## [Information supplied]
○ ○ ○ ○ ○
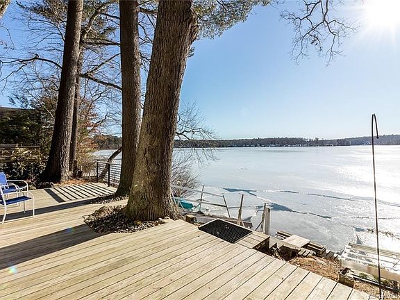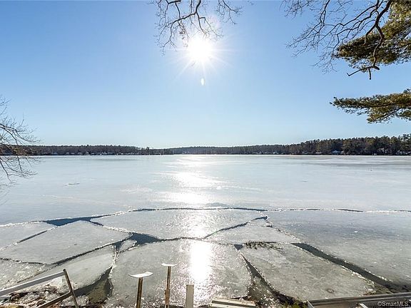 Unique opportunity to to enjoy Alexanders lake all summer long or year round in this completely redone lake front cottage. Remodeled in 2017 from the studs in, this cottage has an eclectic vibe, featuring vaulted ceilings, hardwood floors, ceramic gas stove for ambiance , and a slider to large deck overlooking the lake. Other features include an out building with a sauna which could be used as an office or studio, a storage shed and your own private dock. Alexanders Lake is said to be one of the cleanest lakes in Ct.Land lease is approx. 5700 per year
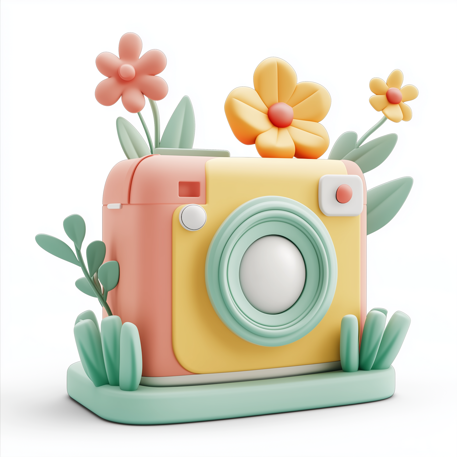 Whimsical 3D illustration of a pastel vintage camera with colorful flowers and leaves, blending technology and nature.
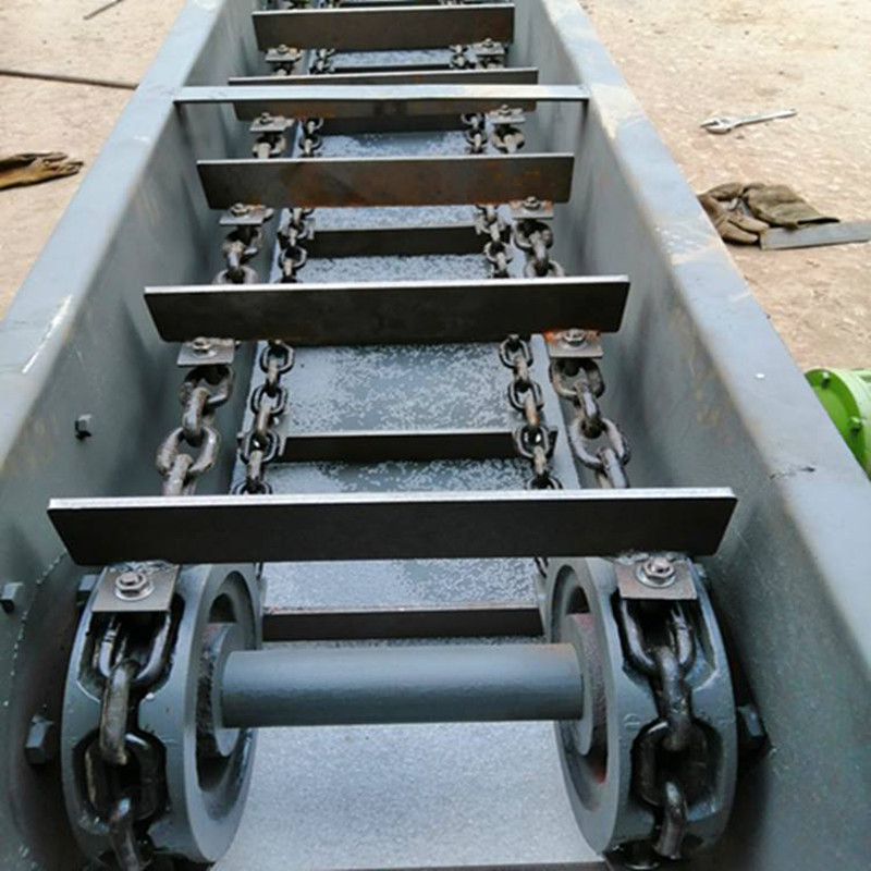 埋刮板輸送機是借助于在封閉的殼體內(nèi)運動著的刮板鏈條而使散體物料按預定目標輸送的運輸設(shè)備。它具有體積小、密封性強、剛性好、工藝布置靈活、安裝維修方便、并能多點加料和多點卸料等優(yōu)點。因此顯著改善了工人的勞動條件,防止了環(huán)境污染。埋刮板輸送機原理是依賴于物料所具有的內(nèi)摩擦力和殼體給物料的側(cè)壓力,在輸送物料過程中,刮板鏈條運動方向的壓力以及在不斷給料時下部物料對上部物料的推移力,這些作用力的合成足以克服物料在機槽中被輸送時與殼體之間產(chǎn)生的外摩擦阻力和物料自身的重量。使物料無論在水平輸送、傾斜輸送和垂直輸送時都能形成連續(xù)的料流向前移動。
○ ○ ○ ○ ○
## [Task objective]
Please output the listing above in full, exactly as given, without its images.

## [Task answer]
 Unique opportunity to to enjoy Alexanders lake all summer long or year round in this completely redone lake front cottage. Remodeled in 2017 from the studs in, this cottage has an eclectic vibe, featuring vaulted ceilings, hardwood floors, ceramic gas stove for ambiance , and a slider to large deck overlooking the lake. Other features include an out building with a sauna which could be used as an office or studio, a storage shed and your own private dock. Alexanders Lake is said to be one of the cleanest lakes in Ct.Land lease is approx. 5700 per year
 Whimsical 3D illustration of a pastel vintage camera with colorful flowers and leaves, blending technology and nature.
 埋刮板輸送機是借助于在封閉的殼體內(nèi)運動著的刮板鏈條而使散體物料按預定目標輸送的運輸設(shè)備。它具有體積小、密封性強、剛性好、工藝布置靈活、安裝維修方便、并能多點加料和多點卸料等優(yōu)點。因此顯著改善了工人的勞動條件,防止了環(huán)境污染。埋刮板輸送機原理是依賴于物料所具有的內(nèi)摩擦力和殼體給物料的側(cè)壓力,在輸送物料過程中,刮板鏈條運動方向的壓力以及在不斷給料時下部物料對上部物料的推移力,這些作用力的合成足以克服物料在機槽中被輸送時與殼體之間產(chǎn)生的外摩擦阻力和物料自身的重量。使物料無論在水平輸送、傾斜輸送和垂直輸送時都能形成連續(xù)的料流向前移動。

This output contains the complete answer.